#MSCOVID19: bring it on

How is your COVID-19 prehabilitation going?

We are close to 4 months into the SARS-CoV-2 pandemic and two months since my blog post and my MS-Selfie microsite entry explaining how to prepare yourself for COVID-19. Are you ready? 

Despite being redeployed to general medicine during which time I was exposed to COVID-19 patients I didn’t get infected with the virus. I am anti-SARS-CoV-2 antibody negative. However, I spent the last 3 months prehabilitating myself to get myself ready in case I get COVID-19. I am a strong believer in walking-the-talk and setting an example for my patients; you can’t tell your patients to do something for their general health if you are not prepared to do it yourself. 
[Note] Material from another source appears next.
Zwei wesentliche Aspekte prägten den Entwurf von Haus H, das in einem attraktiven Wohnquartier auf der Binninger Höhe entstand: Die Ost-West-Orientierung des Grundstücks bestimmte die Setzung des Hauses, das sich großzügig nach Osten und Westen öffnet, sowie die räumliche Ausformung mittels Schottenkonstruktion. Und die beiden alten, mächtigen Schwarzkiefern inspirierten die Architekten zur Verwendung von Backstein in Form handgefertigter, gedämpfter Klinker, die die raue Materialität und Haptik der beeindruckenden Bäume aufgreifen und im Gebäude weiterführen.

  1. I have put in place an advanced directive with my wife and we are in the process of redoing our wills. I have also decided not to cancel my life insurance policy, which I was meant to do in April.  
  2. I have purchased a pulse oximeter for home monitoring of my oxygen saturation so that if I did get COVID-19 and had to self-manage and self-monitor at home I could do it with confidence.
  3. I have purchased a battery pack for my mobile phone if I need to be admitted to hospital and have a spare mobile phone charger at hand in case my main charger malfunctions or goes missing. I also have a back-up old mobile phone for the same reason.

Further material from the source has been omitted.